- What to produce
Word for word, please restate the lines from the beginning of the data through the line in which "existing side elevation" appears.

━━ Extracted material ━━

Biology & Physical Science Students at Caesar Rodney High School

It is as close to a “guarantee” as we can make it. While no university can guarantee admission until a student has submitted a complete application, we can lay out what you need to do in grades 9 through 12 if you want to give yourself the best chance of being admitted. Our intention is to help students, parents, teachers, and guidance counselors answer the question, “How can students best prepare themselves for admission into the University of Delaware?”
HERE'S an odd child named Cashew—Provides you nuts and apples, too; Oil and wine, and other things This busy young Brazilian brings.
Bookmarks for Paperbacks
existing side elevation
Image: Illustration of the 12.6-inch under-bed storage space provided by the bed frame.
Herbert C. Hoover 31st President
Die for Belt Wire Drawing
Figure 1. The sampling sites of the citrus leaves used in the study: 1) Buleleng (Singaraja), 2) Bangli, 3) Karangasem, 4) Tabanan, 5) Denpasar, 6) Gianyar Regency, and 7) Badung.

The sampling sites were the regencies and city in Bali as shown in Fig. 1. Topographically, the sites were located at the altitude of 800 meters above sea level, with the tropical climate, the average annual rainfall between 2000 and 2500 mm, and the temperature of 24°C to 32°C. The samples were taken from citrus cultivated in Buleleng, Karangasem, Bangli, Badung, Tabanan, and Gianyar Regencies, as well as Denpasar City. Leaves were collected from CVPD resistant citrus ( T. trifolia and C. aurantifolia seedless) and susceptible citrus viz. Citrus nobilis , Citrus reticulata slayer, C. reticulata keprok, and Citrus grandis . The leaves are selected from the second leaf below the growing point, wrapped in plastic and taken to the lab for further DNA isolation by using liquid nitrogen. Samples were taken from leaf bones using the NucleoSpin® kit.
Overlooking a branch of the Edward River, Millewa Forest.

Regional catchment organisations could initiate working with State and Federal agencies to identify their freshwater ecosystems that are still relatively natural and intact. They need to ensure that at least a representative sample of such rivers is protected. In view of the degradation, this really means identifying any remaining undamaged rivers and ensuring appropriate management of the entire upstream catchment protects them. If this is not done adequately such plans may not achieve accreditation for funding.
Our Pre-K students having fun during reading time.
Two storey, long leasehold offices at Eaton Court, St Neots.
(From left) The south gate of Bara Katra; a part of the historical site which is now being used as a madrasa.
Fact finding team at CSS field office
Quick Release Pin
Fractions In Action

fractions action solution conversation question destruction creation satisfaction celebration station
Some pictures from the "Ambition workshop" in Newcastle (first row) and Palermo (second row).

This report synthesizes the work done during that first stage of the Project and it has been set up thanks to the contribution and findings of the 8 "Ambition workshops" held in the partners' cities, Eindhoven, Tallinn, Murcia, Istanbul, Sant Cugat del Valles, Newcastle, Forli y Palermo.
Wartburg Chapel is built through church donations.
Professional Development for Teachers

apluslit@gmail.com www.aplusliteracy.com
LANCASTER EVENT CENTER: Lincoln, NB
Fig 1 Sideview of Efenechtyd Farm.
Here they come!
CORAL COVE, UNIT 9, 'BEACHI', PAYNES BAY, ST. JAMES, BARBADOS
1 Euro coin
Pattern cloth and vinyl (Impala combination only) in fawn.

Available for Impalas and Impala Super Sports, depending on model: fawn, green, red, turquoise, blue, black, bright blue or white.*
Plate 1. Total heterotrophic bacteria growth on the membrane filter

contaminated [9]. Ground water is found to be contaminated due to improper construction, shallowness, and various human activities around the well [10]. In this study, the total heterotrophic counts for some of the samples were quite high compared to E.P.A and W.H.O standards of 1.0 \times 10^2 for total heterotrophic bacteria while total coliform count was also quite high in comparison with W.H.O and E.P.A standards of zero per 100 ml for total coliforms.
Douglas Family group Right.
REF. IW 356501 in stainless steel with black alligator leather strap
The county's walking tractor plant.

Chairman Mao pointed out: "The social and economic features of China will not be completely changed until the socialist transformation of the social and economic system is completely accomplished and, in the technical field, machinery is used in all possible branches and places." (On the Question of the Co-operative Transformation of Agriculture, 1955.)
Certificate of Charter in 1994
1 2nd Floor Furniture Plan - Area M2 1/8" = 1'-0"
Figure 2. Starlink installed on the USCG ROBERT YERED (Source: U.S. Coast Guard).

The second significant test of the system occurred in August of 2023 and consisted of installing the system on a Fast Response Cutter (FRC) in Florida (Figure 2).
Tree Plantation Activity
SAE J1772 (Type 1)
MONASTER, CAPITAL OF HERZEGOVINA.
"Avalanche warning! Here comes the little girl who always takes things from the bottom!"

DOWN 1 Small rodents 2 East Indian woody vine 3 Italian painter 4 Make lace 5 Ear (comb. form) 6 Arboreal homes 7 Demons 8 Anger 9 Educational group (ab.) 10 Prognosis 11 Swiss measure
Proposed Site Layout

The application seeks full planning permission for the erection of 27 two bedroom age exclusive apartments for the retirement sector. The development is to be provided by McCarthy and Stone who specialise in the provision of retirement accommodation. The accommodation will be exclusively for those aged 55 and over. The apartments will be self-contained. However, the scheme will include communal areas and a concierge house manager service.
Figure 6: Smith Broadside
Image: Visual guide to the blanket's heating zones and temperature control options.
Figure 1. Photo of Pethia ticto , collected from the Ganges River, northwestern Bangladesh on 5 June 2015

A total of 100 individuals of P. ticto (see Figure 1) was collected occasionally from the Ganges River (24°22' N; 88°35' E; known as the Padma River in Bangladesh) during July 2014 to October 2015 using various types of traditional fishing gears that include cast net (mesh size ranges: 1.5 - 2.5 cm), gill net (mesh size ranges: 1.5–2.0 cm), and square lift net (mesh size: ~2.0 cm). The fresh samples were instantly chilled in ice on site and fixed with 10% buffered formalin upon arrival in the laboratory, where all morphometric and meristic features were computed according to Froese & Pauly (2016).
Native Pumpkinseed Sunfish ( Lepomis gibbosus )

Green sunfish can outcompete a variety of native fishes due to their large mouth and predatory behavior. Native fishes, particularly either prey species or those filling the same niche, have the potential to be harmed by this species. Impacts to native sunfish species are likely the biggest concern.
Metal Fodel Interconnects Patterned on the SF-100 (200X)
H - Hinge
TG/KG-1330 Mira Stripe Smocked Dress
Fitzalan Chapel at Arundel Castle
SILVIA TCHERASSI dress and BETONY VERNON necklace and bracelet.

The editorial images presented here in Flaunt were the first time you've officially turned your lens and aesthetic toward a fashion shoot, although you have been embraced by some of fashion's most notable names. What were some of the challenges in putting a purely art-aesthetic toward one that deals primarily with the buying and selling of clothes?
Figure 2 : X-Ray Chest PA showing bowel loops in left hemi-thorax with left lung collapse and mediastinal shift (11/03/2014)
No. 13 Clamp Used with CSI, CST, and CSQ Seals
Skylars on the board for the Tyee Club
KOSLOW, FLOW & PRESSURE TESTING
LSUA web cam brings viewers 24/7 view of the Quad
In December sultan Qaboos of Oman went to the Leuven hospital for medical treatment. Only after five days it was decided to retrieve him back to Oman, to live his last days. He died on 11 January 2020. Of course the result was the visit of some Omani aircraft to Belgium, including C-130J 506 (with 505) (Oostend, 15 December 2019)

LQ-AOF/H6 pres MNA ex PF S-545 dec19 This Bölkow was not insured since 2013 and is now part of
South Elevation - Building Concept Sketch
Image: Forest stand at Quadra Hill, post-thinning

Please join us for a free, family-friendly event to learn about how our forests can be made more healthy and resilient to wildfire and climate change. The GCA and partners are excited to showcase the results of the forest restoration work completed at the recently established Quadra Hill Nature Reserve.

━━━

- Reply to the task
Biology & Physical Science Students at Caesar Rodney High School

It is as close to a “guarantee” as we can make it. While no university can guarantee admission until a student has submitted a complete application, we can lay out what you need to do in grades 9 through 12 if you want to give yourself the best chance of being admitted. Our intention is to help students, parents, teachers, and guidance counselors answer the question, “How can students best prepare themselves for admission into the University of Delaware?”
HERE'S an odd child named Cashew—Provides you nuts and apples, too; Oil and wine, and other things This busy young Brazilian brings.
Bookmarks for Paperbacks
existing side elevation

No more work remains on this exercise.